▸ Provided data
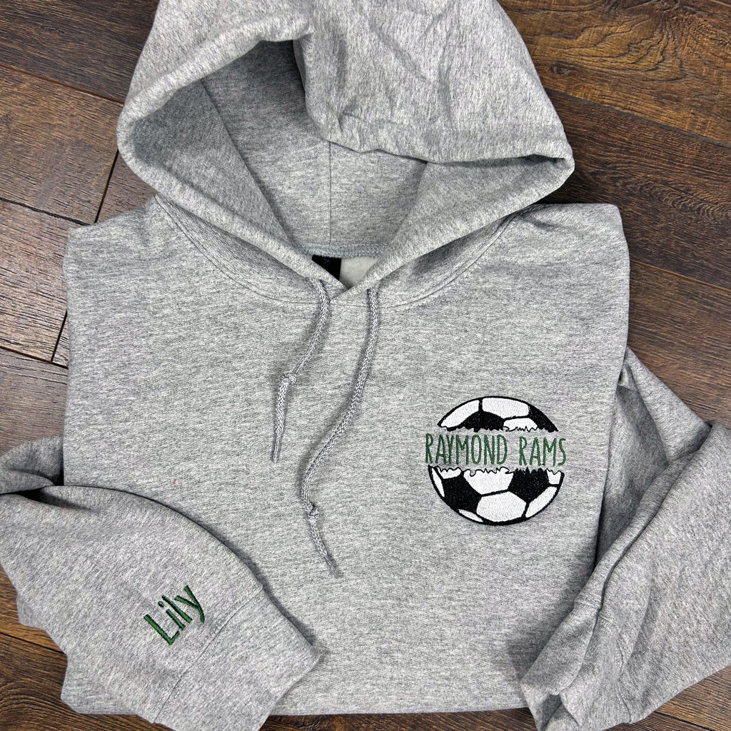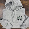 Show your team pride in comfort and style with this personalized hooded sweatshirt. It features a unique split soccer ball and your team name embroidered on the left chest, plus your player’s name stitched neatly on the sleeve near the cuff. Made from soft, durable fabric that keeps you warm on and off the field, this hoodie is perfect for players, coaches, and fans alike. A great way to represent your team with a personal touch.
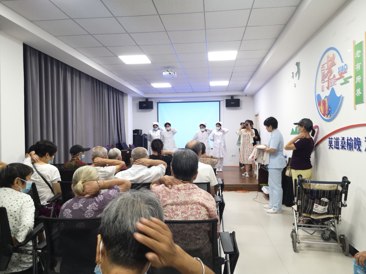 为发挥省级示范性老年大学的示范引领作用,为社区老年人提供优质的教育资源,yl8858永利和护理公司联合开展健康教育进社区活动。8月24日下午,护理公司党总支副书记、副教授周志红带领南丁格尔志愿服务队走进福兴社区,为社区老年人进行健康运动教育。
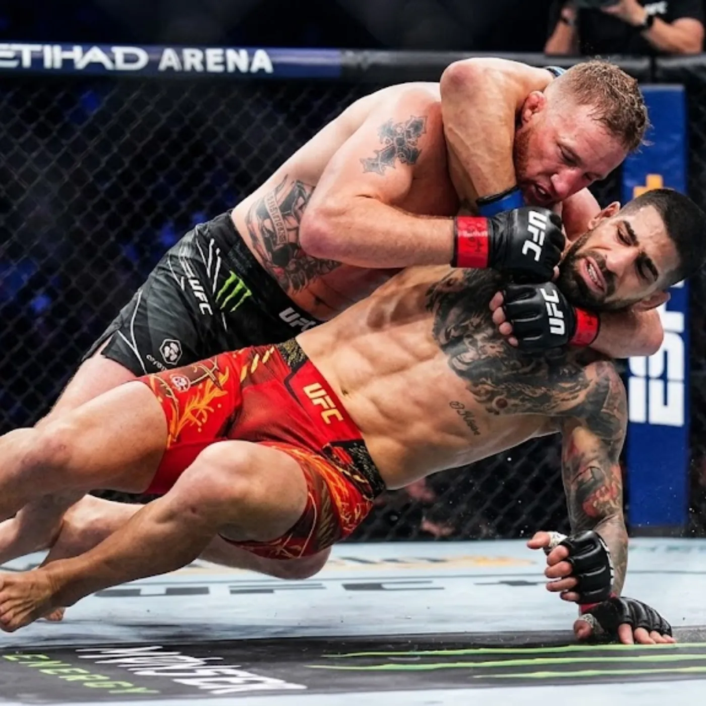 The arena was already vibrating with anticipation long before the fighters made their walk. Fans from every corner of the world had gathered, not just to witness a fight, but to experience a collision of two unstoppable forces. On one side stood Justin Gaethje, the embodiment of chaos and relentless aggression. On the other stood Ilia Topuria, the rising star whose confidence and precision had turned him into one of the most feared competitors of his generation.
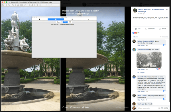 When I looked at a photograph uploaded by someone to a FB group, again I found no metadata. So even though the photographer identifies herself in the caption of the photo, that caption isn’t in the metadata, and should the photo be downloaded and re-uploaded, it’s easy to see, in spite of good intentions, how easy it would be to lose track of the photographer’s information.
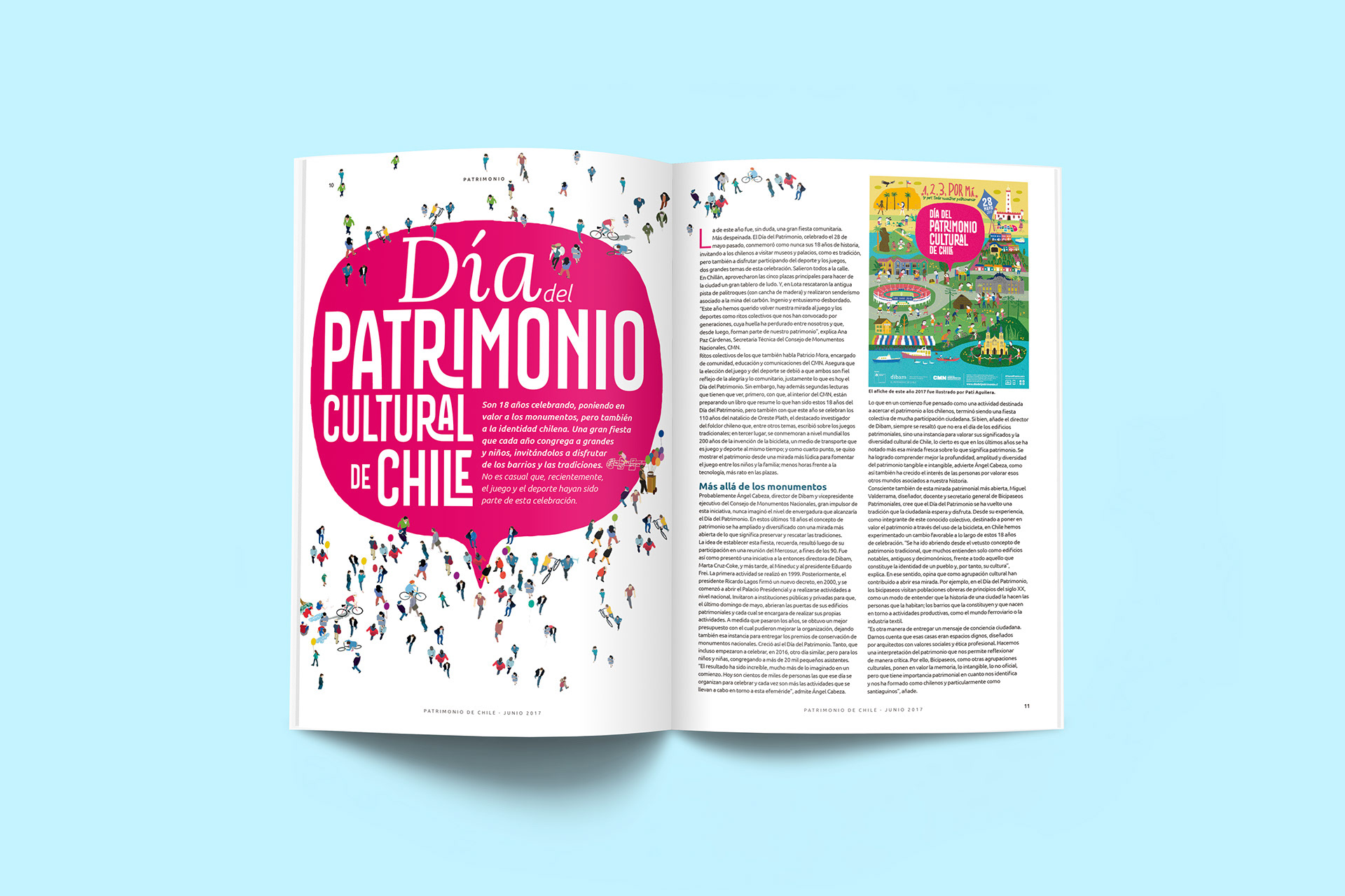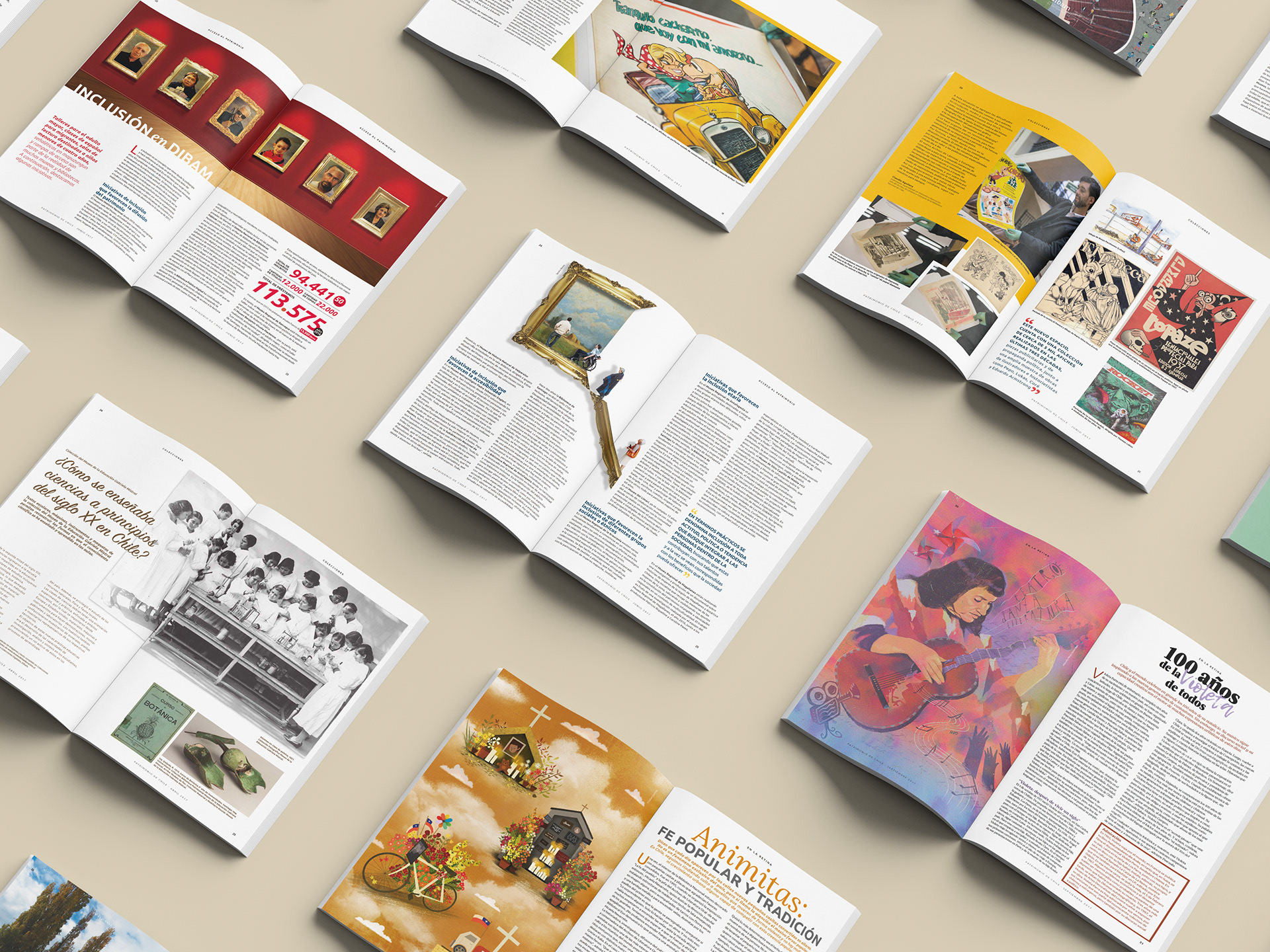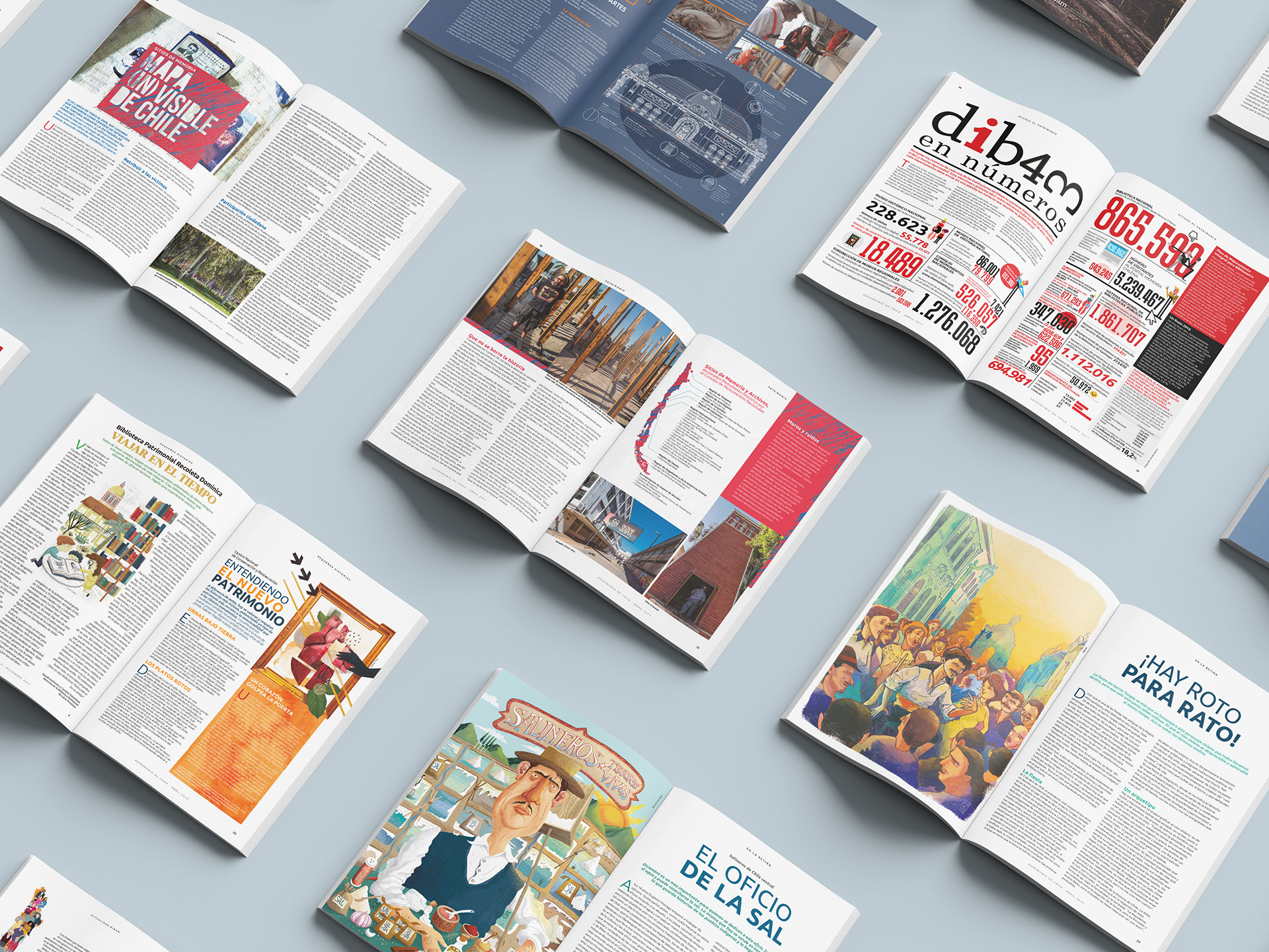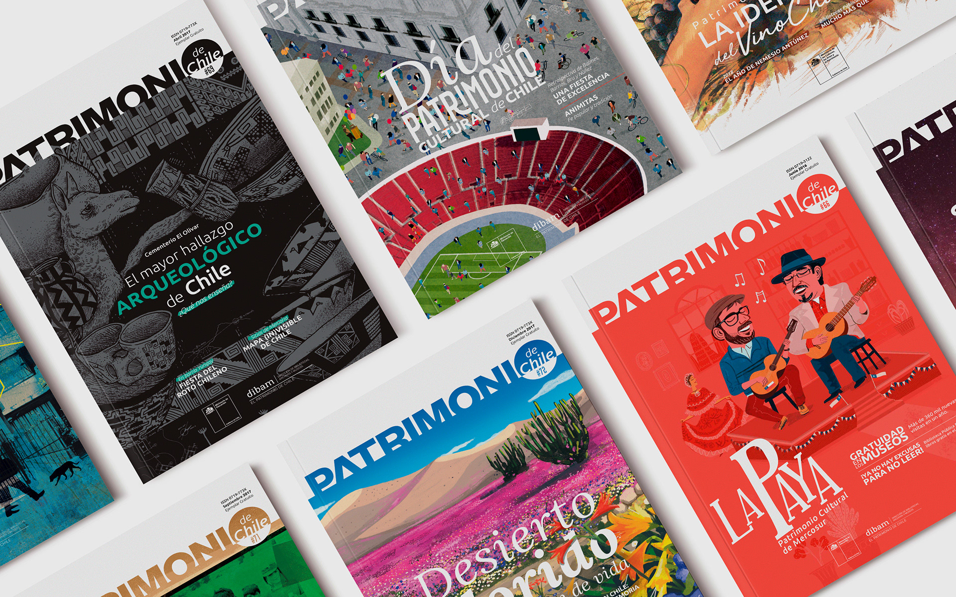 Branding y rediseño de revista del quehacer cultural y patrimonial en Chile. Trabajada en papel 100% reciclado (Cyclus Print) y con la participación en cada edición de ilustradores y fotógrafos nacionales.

▸ Task objective
Pictures do not belong in the copy. Please reproduce the entries above exactly otherwise.

▸ Task result
 Show your team pride in comfort and style with this personalized hooded sweatshirt. It features a unique split soccer ball and your team name embroidered on the left chest, plus your player’s name stitched neatly on the sleeve near the cuff. Made from soft, durable fabric that keeps you warm on and off the field, this hoodie is perfect for players, coaches, and fans alike. A great way to represent your team with a personal touch.
 为发挥省级示范性老年大学的示范引领作用,为社区老年人提供优质的教育资源,yl8858永利和护理公司联合开展健康教育进社区活动。8月24日下午,护理公司党总支副书记、副教授周志红带领南丁格尔志愿服务队走进福兴社区,为社区老年人进行健康运动教育。
 The arena was already vibrating with anticipation long before the fighters made their walk. Fans from every corner of the world had gathered, not just to witness a fight, but to experience a collision of two unstoppable forces. On one side stood Justin Gaethje, the embodiment of chaos and relentless aggression. On the other stood Ilia Topuria, the rising star whose confidence and precision had turned him into one of the most feared competitors of his generation.
 When I looked at a photograph uploaded by someone to a FB group, again I found no metadata. So even though the photographer identifies herself in the caption of the photo, that caption isn’t in the metadata, and should the photo be downloaded and re-uploaded, it’s easy to see, in spite of good intentions, how easy it would be to lose track of the photographer’s information.
 Branding y rediseño de revista del quehacer cultural y patrimonial en Chile. Trabajada en papel 100% reciclado (Cyclus Print) y con la participación en cada edición de ilustradores y fotógrafos nacionales.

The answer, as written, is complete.